Provided material:
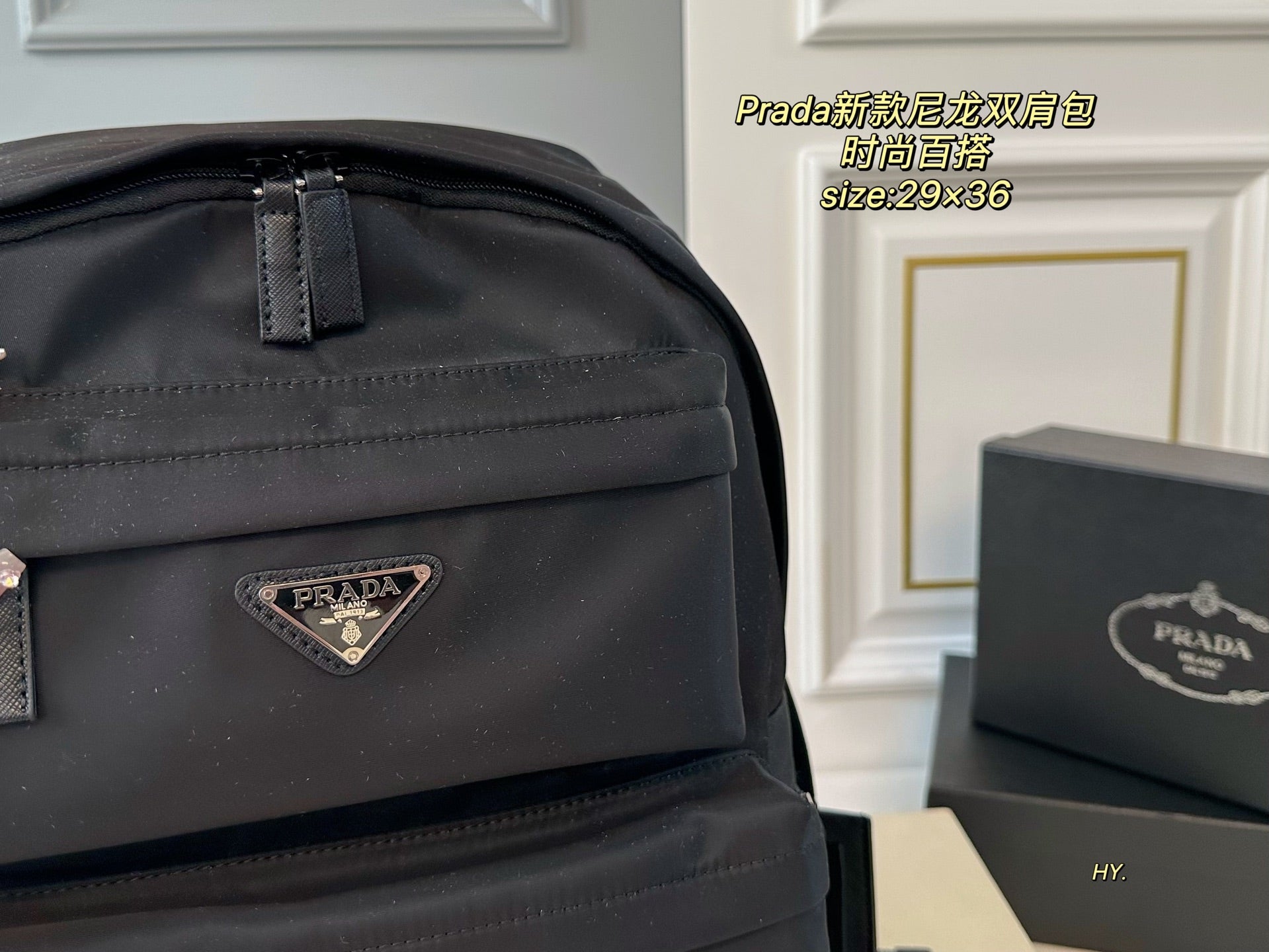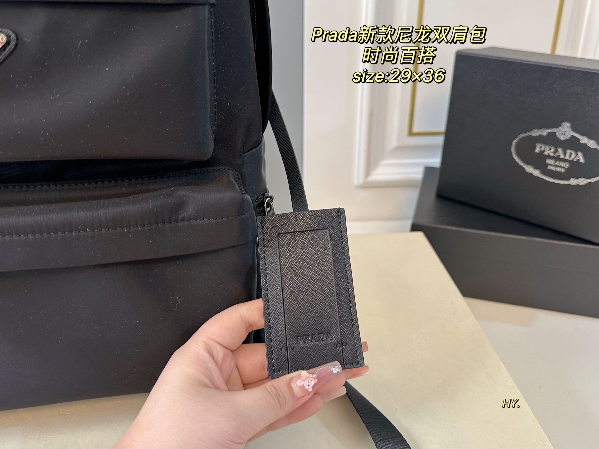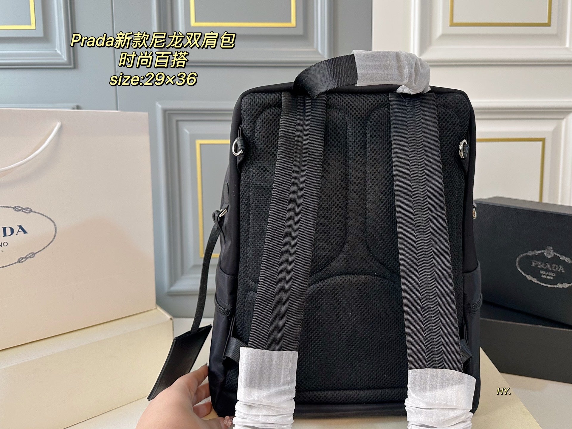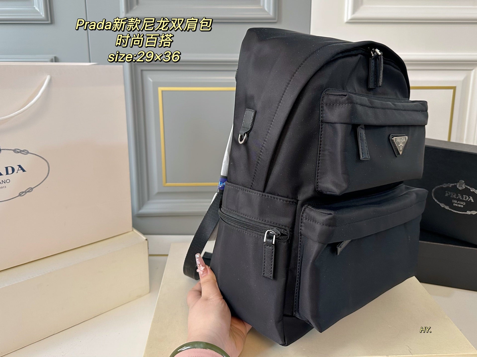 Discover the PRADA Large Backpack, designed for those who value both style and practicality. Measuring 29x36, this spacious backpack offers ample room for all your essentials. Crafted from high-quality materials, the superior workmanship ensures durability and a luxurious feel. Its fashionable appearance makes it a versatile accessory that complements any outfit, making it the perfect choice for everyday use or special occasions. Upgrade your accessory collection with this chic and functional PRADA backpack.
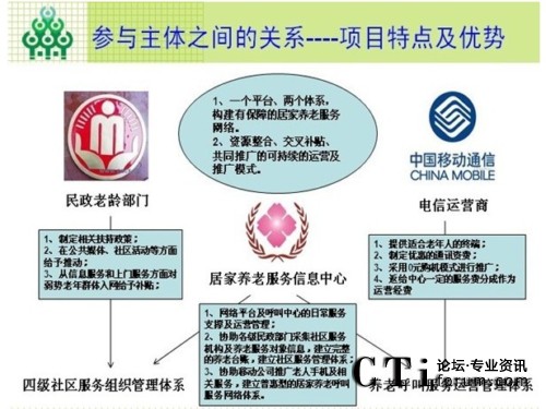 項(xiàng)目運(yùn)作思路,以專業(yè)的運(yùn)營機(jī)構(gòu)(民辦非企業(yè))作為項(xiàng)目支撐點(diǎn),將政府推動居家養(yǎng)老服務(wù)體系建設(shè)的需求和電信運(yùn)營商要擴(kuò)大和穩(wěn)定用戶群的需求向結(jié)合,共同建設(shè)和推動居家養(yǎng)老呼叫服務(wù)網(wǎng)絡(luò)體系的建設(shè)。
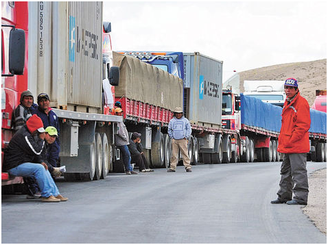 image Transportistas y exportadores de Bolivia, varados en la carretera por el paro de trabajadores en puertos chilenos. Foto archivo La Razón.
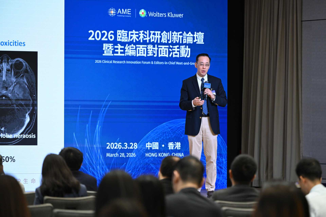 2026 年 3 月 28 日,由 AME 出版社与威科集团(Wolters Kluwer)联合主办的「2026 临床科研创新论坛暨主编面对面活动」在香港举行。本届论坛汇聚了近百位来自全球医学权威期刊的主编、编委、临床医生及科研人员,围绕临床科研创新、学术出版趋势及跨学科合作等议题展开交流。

Task to complete:
Apart from the pictures, repeat the data above exactly.

Exercise output:
 Discover the PRADA Large Backpack, designed for those who value both style and practicality. Measuring 29x36, this spacious backpack offers ample room for all your essentials. Crafted from high-quality materials, the superior workmanship ensures durability and a luxurious feel. Its fashionable appearance makes it a versatile accessory that complements any outfit, making it the perfect choice for everyday use or special occasions. Upgrade your accessory collection with this chic and functional PRADA backpack.
 項(xiàng)目運(yùn)作思路,以專業(yè)的運(yùn)營機(jī)構(gòu)(民辦非企業(yè))作為項(xiàng)目支撐點(diǎn),將政府推動居家養(yǎng)老服務(wù)體系建設(shè)的需求和電信運(yùn)營商要擴(kuò)大和穩(wěn)定用戶群的需求向結(jié)合,共同建設(shè)和推動居家養(yǎng)老呼叫服務(wù)網(wǎng)絡(luò)體系的建設(shè)。
 image Transportistas y exportadores de Bolivia, varados en la carretera por el paro de trabajadores en puertos chilenos. Foto archivo La Razón.
 2026 年 3 月 28 日,由 AME 出版社与威科集团(Wolters Kluwer)联合主办的「2026 临床科研创新论坛暨主编面对面活动」在香港举行。本届论坛汇聚了近百位来自全球医学权威期刊的主编、编委、临床医生及科研人员,围绕临床科研创新、学术出版趋势及跨学科合作等议题展开交流。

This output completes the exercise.